[What you are asked to do] Transcribe the data that follows. Match it character for character.

[Provided records]

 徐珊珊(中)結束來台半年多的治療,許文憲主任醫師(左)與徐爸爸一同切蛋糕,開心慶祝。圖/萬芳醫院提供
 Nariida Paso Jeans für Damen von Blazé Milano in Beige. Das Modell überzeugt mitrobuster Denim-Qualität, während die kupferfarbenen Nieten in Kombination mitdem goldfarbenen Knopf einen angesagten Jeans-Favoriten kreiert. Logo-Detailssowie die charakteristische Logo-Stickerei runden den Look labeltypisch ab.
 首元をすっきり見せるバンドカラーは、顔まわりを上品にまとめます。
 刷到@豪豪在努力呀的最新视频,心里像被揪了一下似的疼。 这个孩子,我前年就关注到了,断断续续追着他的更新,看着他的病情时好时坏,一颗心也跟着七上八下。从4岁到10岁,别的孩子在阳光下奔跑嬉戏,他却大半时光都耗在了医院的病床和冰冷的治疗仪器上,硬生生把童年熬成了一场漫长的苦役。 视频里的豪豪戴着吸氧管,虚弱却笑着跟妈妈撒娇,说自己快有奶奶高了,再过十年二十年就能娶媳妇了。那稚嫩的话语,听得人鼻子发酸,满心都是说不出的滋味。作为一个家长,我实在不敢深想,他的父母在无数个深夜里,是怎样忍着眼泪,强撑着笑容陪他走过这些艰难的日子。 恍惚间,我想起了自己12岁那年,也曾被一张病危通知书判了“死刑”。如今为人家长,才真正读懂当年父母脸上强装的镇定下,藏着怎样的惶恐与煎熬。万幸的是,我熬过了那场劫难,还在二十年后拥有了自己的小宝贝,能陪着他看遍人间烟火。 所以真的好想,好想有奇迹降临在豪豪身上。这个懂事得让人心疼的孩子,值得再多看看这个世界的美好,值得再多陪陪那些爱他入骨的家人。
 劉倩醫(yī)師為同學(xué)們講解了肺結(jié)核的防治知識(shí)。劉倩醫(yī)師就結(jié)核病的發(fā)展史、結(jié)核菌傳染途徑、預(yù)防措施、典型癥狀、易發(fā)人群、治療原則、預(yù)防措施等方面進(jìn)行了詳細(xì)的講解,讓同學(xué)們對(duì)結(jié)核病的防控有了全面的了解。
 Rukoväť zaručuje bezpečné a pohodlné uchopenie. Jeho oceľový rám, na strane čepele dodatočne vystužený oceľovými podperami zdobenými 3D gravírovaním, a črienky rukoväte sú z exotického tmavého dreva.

[Answer to this exercise]
 徐珊珊(中)結束來台半年多的治療,許文憲主任醫師(左)與徐爸爸一同切蛋糕,開心慶祝。圖/萬芳醫院提供
 Nariida Paso Jeans für Damen von Blazé Milano in Beige. Das Modell überzeugt mitrobuster Denim-Qualität, während die kupferfarbenen Nieten in Kombination mitdem goldfarbenen Knopf einen angesagten Jeans-Favoriten kreiert. Logo-Detailssowie die charakteristische Logo-Stickerei runden den Look labeltypisch ab.
 首元をすっきり見せるバンドカラーは、顔まわりを上品にまとめます。
 刷到@豪豪在努力呀的最新视频,心里像被揪了一下似的疼。 这个孩子,我前年就关注到了,断断续续追着他的更新,看着他的病情时好时坏,一颗心也跟着七上八下。从4岁到10岁,别的孩子在阳光下奔跑嬉戏,他却大半时光都耗在了医院的病床和冰冷的治疗仪器上,硬生生把童年熬成了一场漫长的苦役。 视频里的豪豪戴着吸氧管,虚弱却笑着跟妈妈撒娇,说自己快有奶奶高了,再过十年二十年就能娶媳妇了。那稚嫩的话语,听得人鼻子发酸,满心都是说不出的滋味。作为一个家长,我实在不敢深想,他的父母在无数个深夜里,是怎样忍着眼泪,强撑着笑容陪他走过这些艰难的日子。 恍惚间,我想起了自己12岁那年,也曾被一张病危通知书判了“死刑”。如今为人家长,才真正读懂当年父母脸上强装的镇定下,藏着怎样的惶恐与煎熬。万幸的是,我熬过了那场劫难,还在二十年后拥有了自己的小宝贝,能陪着他看遍人间烟火。 所以真的好想,好想有奇迹降临在豪豪身上。这个懂事得让人心疼的孩子,值得再多看看这个世界的美好,值得再多陪陪那些爱他入骨的家人。
 劉倩醫(yī)師為同學(xué)們講解了肺結(jié)核的防治知識(shí)。劉倩醫(yī)師就結(jié)核病的發(fā)展史、結(jié)核菌傳染途徑、預(yù)防措施、典型癥狀、易發(fā)人群、治療原則、預(yù)防措施等方面進(jìn)行了詳細(xì)的講解,讓同學(xué)們對(duì)結(jié)核病的防控有了全面的了解。
 Rukoväť zaručuje bezpečné a pohodlné uchopenie. Jeho oceľový rám, na strane čepele dodatočne vystužený oceľovými podperami zdobenými 3D gravírovaním, a črienky rukoväte sú z exotického tmavého dreva.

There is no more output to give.